How Fidelis Martins is Building a Business around Education Content Distribution in Nigeria
Hardly would one come across a higher institution in Nigeria without a physical library where students have access to textbooks, journals, and projects. But the challenge facing tertiary institutions in Africa is the availability of educational content online and also distribution across board.
Imagine you were schooling in the USA and need to reference a journal you once read back in a Nigerian school library. Just how convenient will the thought of traveling down to reference one journal be? Certainly, you wouldn’t want to fly down to Nigeria to lay hands on a single material. But on the other hand, you wouldn’t get that material you (badly) need either. So what do you do in this dicey situation? Well, Qataloog has (about) the solution.
The journey started when Martins Fidelis was confronted by a University Librarian on why there is no online platform that will enable students and libraries to order higher education content In Africa. Quickly, his entrepreneurial mind sensed an opportunity. A void needs to be filled!
In March 2018, Matins Fidelis (CEO) co-founded Qataloog with Busayo Shokunbi the CTO. Qataloog was established to address the learning content distribution gap — which is one of the daunting challenges facing the African tertiary education space.
Although, prior to Qataloog, Martins was already running an educational startup “Dolesson”, a tutoring and learning marketplace for selling books and test preparation, during a Co-creation Hub Accelerator program, the founder transitioned to a much bigger scope. Apparently, he gained insight into more pressing challenges in the African educational space. Some of them were:
- Impacting learning outcomes in African tertiary education are poor
- Higher education learning content in Africa is very expensive because of middlemen
- Course material cost negatively impact almost 50% of all students
- There are huge books and journals availability gap in African Higher Ed. Librarians, students, researchers, Government, and professions find it very difficult accessing and ordering books, journals, e-databases, and periodicals due to lack of content distribution technology
According to Martins
“We developed Qataloog, as a higher education learning content distribution engine, supply chain, inventory management and catalogues analytics for print and digital books, journals, and multimedia databases for academic publishers from Africa, Europe, America and Asia-Pacific seeking to increase sales to African Universities and Colleges networks.”
On a daily basis, publishers around the world are seeking ways of achieving content visibility and gaining significant market shares in the African content market. In the same vein, students, librarians, government bodies, professionals and researchers are looking for avenues to obtain and explore these contents.
Here’s Qataloog creating a seamless content distribution process through its online network.
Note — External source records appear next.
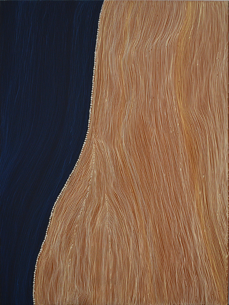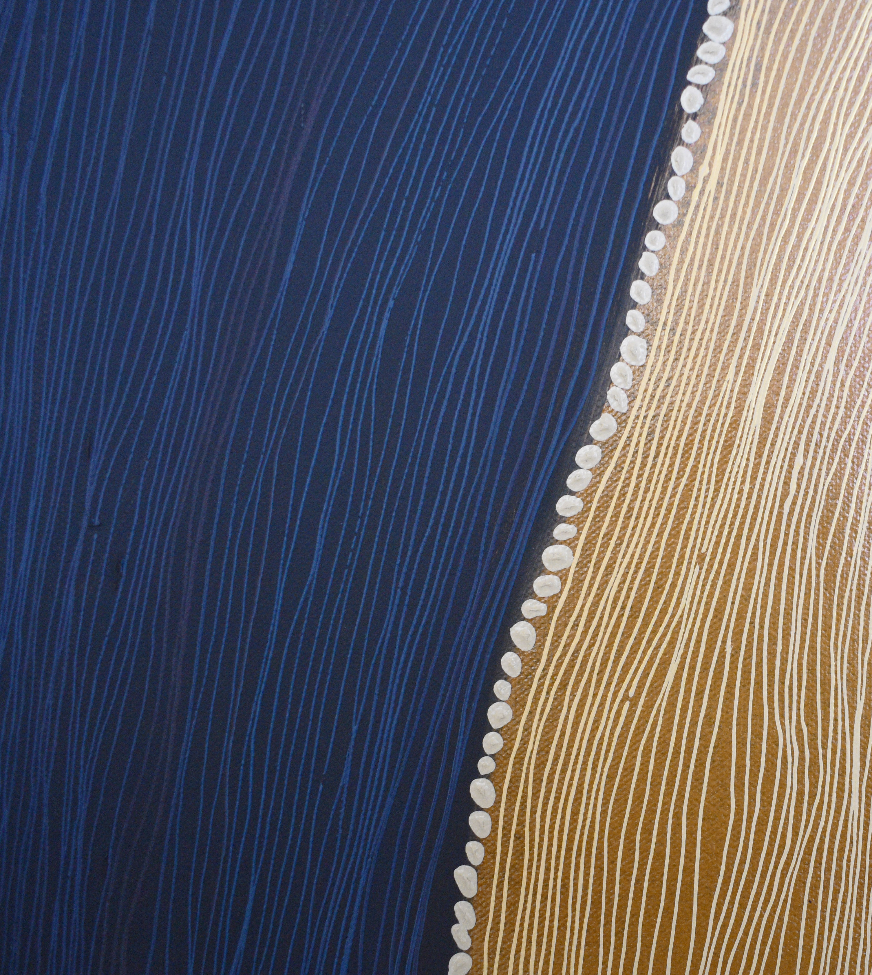 Niah représente la pluie qui ruisselle sur les troncs d’eucalyptus, conjuguant poésie et sensations. À l’aide d’une pipette ou d’une épine d’échidné, elle trace des lignes fluides et sinueuses, rappelant à la fois le ruissellement de la pluie sur l’écorce et les méandres de la mémoire. Les reflets irisés de la peinture renforcent la sensation de mouvement et de lumière filtrée par la canopée, insufflant à l’œuvre une vibration quasi vivante.
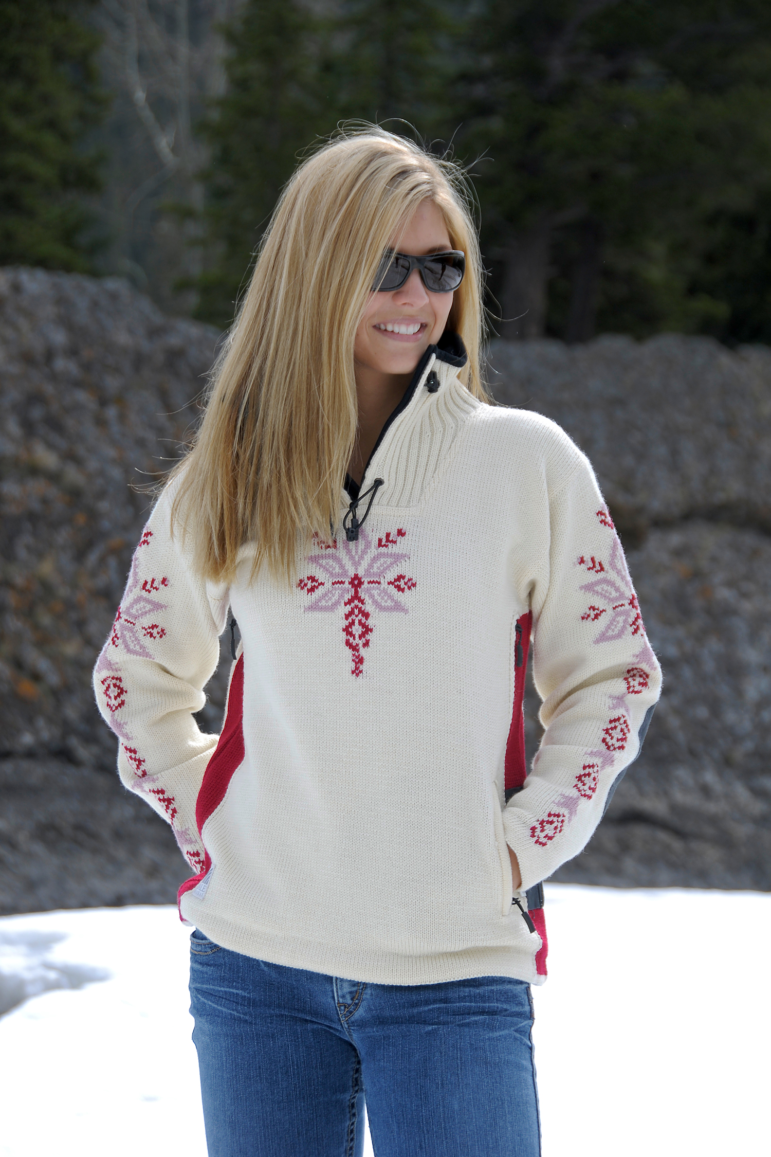 OMG, this sweater is beautiful. Super warm and heavy, perfect for the powder days. I like that it's not overly ski-lodge looking as it has only a little snowflake pattern on the chest and little bit on the sleeves. I use it pretty much instead of sweater and jacket, undershirt and this sweater and I'm good to go. Powder skirt keeps the snow from getting in and high collar keeps me warm too.
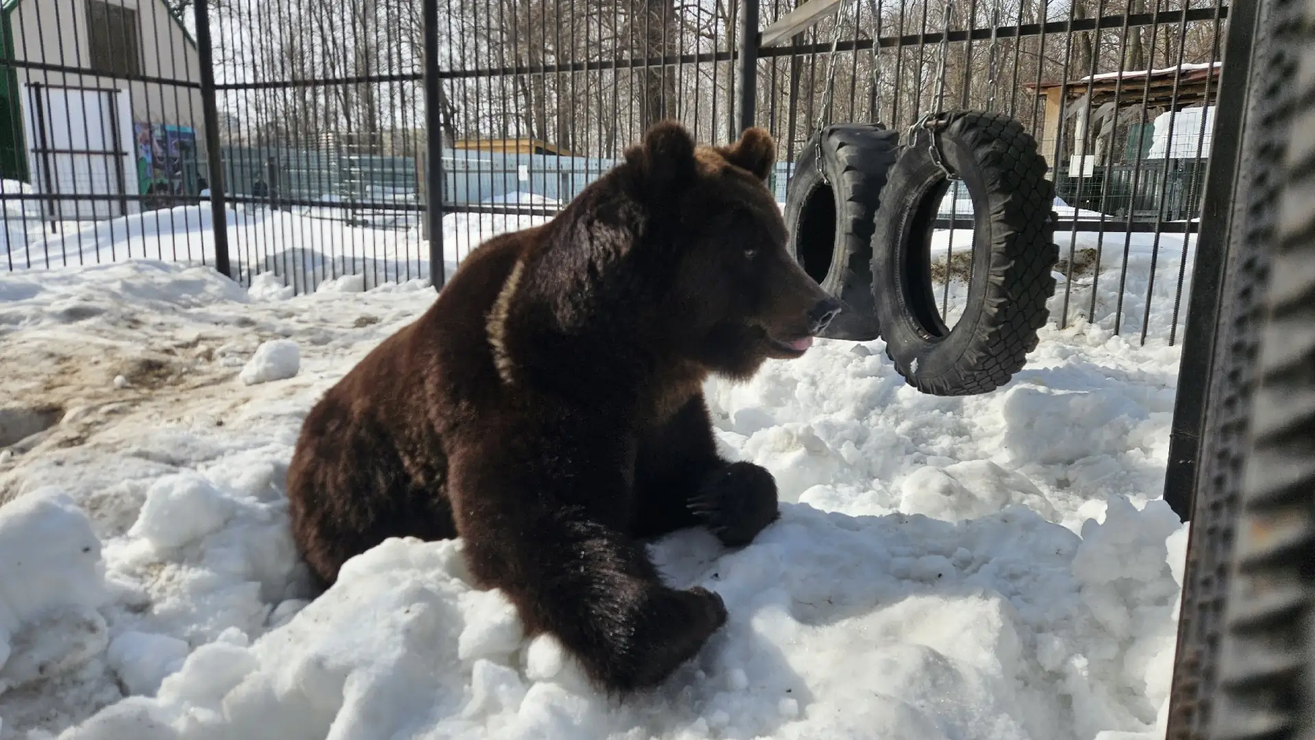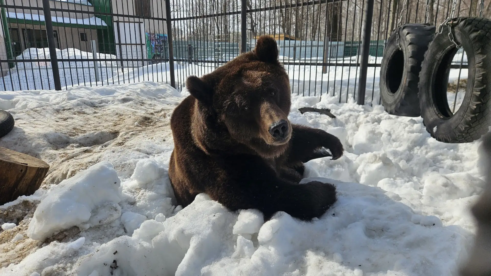 🐻 В Новочебоксарском зоопарке медведь Потап все активнее встречает весну.

The digital platform analyses and places clients in catalogues based on titles, publisher, prices, subjects, publication date.
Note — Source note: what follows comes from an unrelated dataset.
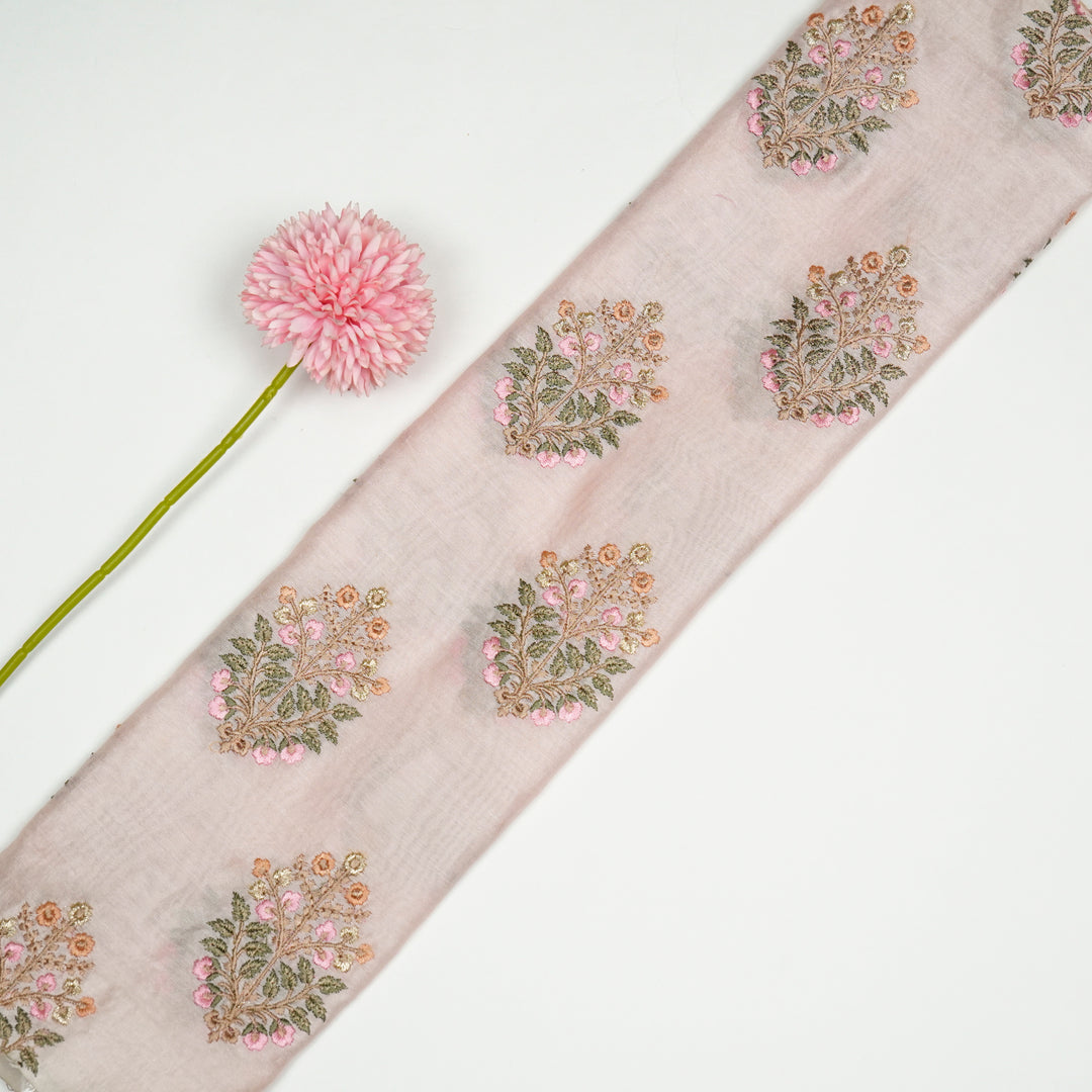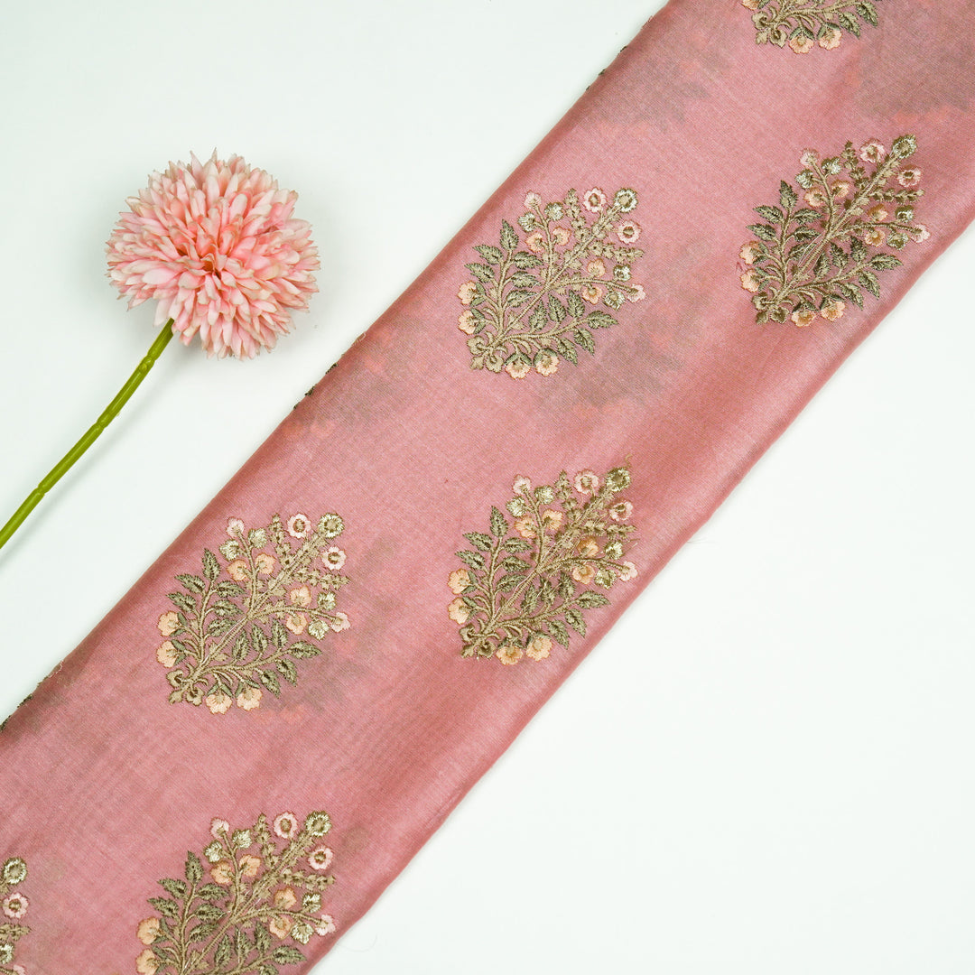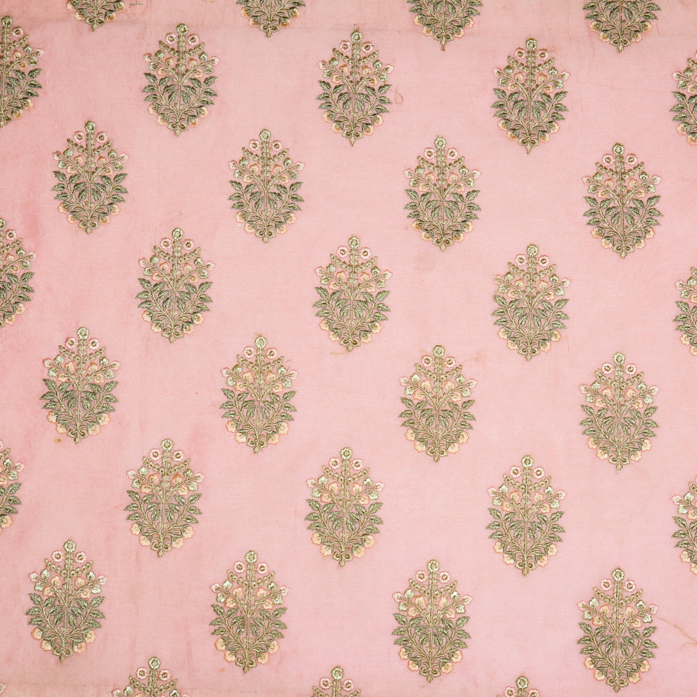 Pushti Buta on Onion Pink Luxe Silk Chanderi Embroidered Fabric

Given Qataloog ’s unique value proposition — improving learning outcomes through frictionless access and affordability of tertiary education — interest parties can order books and journals worth ₦80 million and get them delivered to their respective locations around the world within 90 days.
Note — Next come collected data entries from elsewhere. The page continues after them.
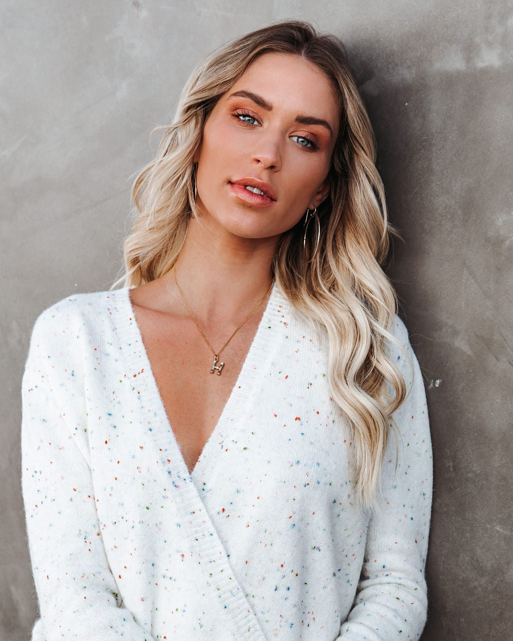 Represent your initial in the cutest way with our Bamboo Initial Pendant Necklace! This shining gold necklace has a long curb chain and a bamboo initial pendant with a lobster clasp closure. Styled with the Perfect Hoop Earrings and Celebrate Good Times Knit Drape Sweater.
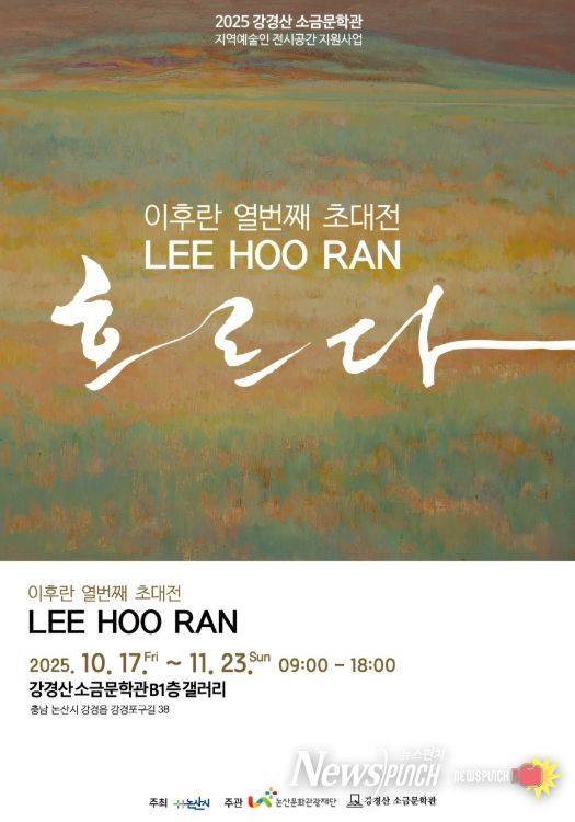 뉴스펀치 김길룡 기자 | (재)논산문화관광재단이 강경산 소금문학관 지역예술인 전시공간 지원사업으로“흐르다”- 이후란 10번째 초대전을 11월 23일까지 강경산 소금문학관 지하 1층 갤러리에서 개최한다.
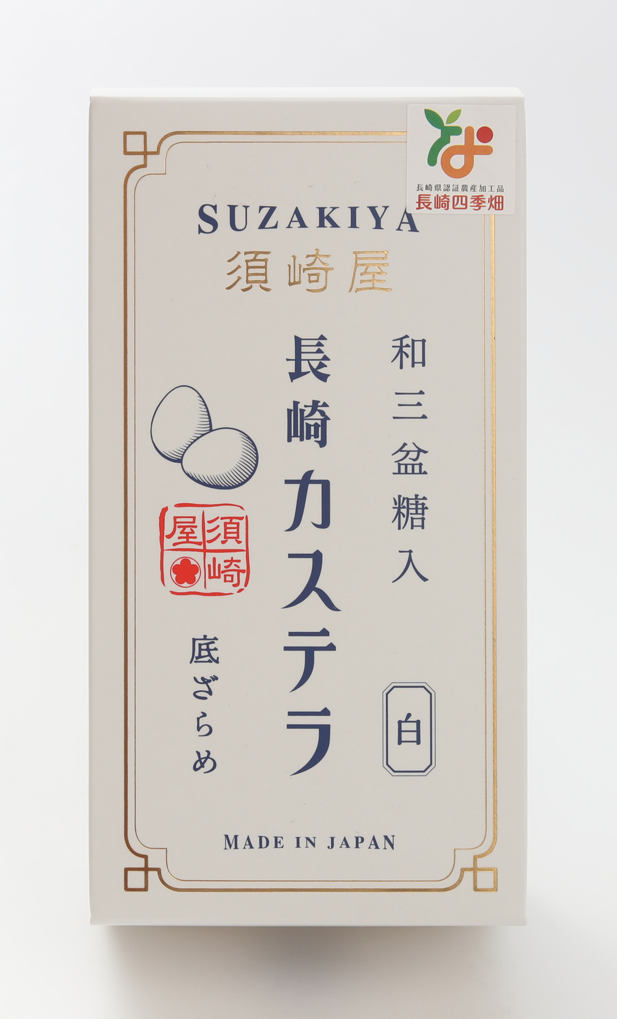 創業1867年、五三焼かすてらの老舗「須崎屋」が焼き上げる珍しい白いカステラです。無農薬で育てられたお米を食べた鶏が産んだ黄身まで白い米卵、香り立つ佐賀のもち米飴、上品な甘みの阿波産の和三盆糖、純度の高い氷砂糖にざらめ糖、シンプルながら、こだわった原材料を使って、丁寧に焼き上げました。きめ細やかな白い生地のカステラは、お祝い事などに自信をもってお使いいただける逸品です。食感と風味の追及のため、手焼きに、素材にこだわり熟練の技を継承しています。

Qataloog’s website indicates that it has partnered with over 90,000 authoritative content sources and publishers around the world to distributing learning resources used by Ivy League Colleges to African Higher Institutions at cost-effective rates.
The founders also claim to have on-boarded over 40 academic publishers and have a significant number of Universities and Polytechnics committed to the course.
“So far over 1589 books have been distributed to over 300 users,” Martins tells Smepeaks
In their bid to actualise their mission, Fidelis hints that Qataloog has been able to raise $20, 000 in investment and has so far, generated $25, 000 from sales of books, journals, and periodicals according to the co-founders. 35% is made from every transaction made on Qataloog’s website.
Evidently, Qataloog is on its way to break the difficult chain in content distribution, solve the dilemma of education content consumers and make a good business while at it. Should it deliver on its value proposition, Martin and Busayo may be building a mega mobile repertoire of educational content worth millions.